Consideration of the psychological source is necessary when approaching treatment of psychopathological sensory abnormalities. Exposure-based therapy has been used successfully to “convert manifestations of pain from physical to psychological” [13]. Other treatments include transcutaneous nerve stimulation [98], biofeedback [98], intensive exercises [98], and psychotherapy [23]. Patients with sensory symptoms alone carry a better prognosis in terms of pain, physical and social functioning than those with weakness and sensory symptoms, but patients with “sensory-symptoms only” often develop weakness [83].

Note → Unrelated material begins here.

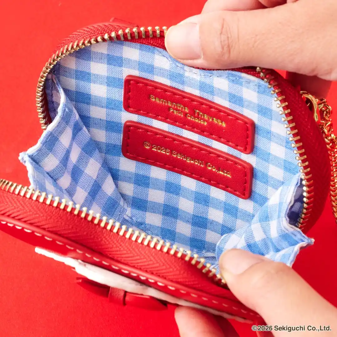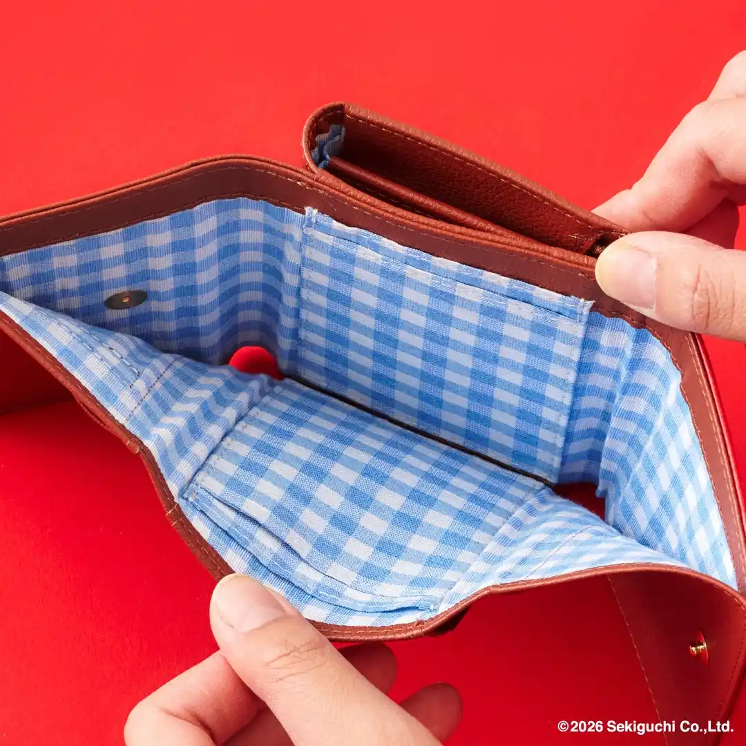 ポーチの裏地はギンガムチェックをデザイン。 |

Treatment of psychopathological CRPS depends largely on whether it is due to a conversion disorder, factitious disorder, or malingering. Supportive psychotherapy is recommended in patients who developed psychopathological CRPS due to a conversion disorder [32]. Videotapes or photographs of patients mobilizing the limbs under general anesthesia or sedative hypnosis can also be motivating and convincing for the patient [19, 20, 32]. Intensive cognitive behavioral pain management, psychological strategy education, stress education, and the development of an activity-based program may be beneficial in patients with authentic CRPS-I to prevent or treat conversion disorders or other psychological manifestations of unexpressed emotion [38, 63].

Conclusion

Psychopathological hand disorders often present with a wide variety of manifestations, making their recognition difficult. Still, the ramifications of not properly diagnosing these disorders can be detrimental to the patient, care providers and the health care system. This review identified the many forms in which psychopathological hand disorders exist and organized them into a streamlined system. By uniting these disorders into one system, communication among those who study and treat them is facilitated and strengthened. A better understanding of the diagnostic, prognostic, and therapeutic implications of each category will be of benefit to the surgeons, therapists, and mental health professionals who encounter these patients on a daily basis.

Footnotes

Presented at the 45th Annual Scientific Meeting of the Midwestern Association of Plastic Surgeons, Chicago, Illinois, May 5, 2007.